Children who are deaf or hard of hearing live in a predominantly listening environment and often miss crucial information in their contact with others. As a result, many of these children have fewer opportunities to participate in social interactions and their social encounters are also of a ‘lower quality’, says Tsou. This prevents them from learning more about emotions and social conventions. To gain a better understanding of this problem, Tsou investigated how pre-school children – with and without hearing disabilities – interpret social interactions and how they react to other people’s emotions.

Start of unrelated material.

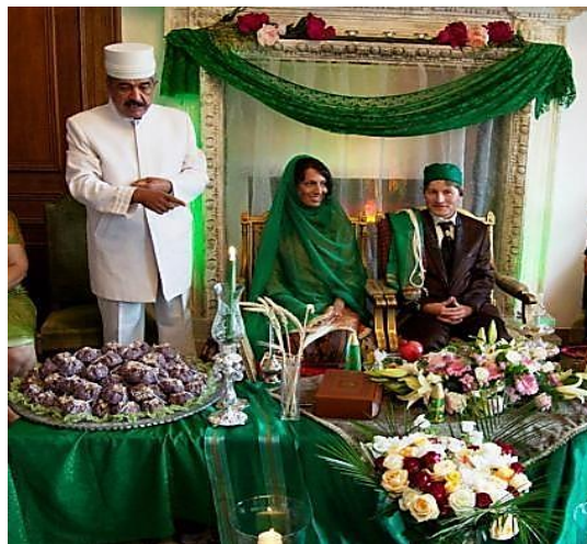
شکل ۱. پوشش لباس عروسی بانوان زرتشتی یزد

زمین) ماه آخر تقویم؛ بنابراین می‌توان نتیجه گرفت که ابتدا ناهید (دوشیزه) در پیوند با ایزد مهر، مسبب سبزی و باروری زمین (سپندامذ) شده است. ۱ رنگ سفید و سبز در میان ارکان سفره عقد/ گواه‌گیران حضور نمادین دارد. به عقیده زرتشتیان، دوشیزه پاکدامن با نماد رنگ سفید به مقام همسری و زنانگی نائل شده (ایوزیان، ۱۳۸۸: ۴) و در این سیر تحول، رنگ سفید باکرگی به سبز زنانه بدل می‌شود. همچون ایزدبانوی دوشیزه آب/ ناهید در تبدیل به ایزدبانوی مادرانه زمین/ سپندامذ امشاسپند. چنان‌که در عروسی سنتی یزد، لباس عروسان ۲ زرتشتی، سر تا پا سبز بوده است (نیکنام، ۱۳۸۱: ۶۴) (شکل ۱). البته عروس، یک روز قبل از مراسم جشن عروسی، لباس سفید ۳ بر تن می‌کند و برای دیدار داماد حاضر می‌شود.

Tsou carried out the research in collaboration with the LUMC and the Chang-Gung Memorial Hospital in Taiwan. She gave both groups of children behavioural tasks to complete; she observed their reactions and asked the parents to fill in questionnaires. In simple social interactions, children with hearing disabilities performed more or less as well as their peers without hearing loss. However, they found tasks that required a certain level of knowledge about social interactions much more difficult; for example, understanding the emotions triggered in a social situation and reacting appropriately to other people’s emotions. In many cases, the children lacked this knowledge.

Tsou investigated how children process verbal and non-verbal information and how they respond physiologically to other people’s emotions. Using eye-tracking, she found that children who are deaf or hard of hearing primarily rely on their own visual coding strategy. In social situations, they tend to look for explicit, visual cues such as eye expressions or the posture of those with whom they are interacting.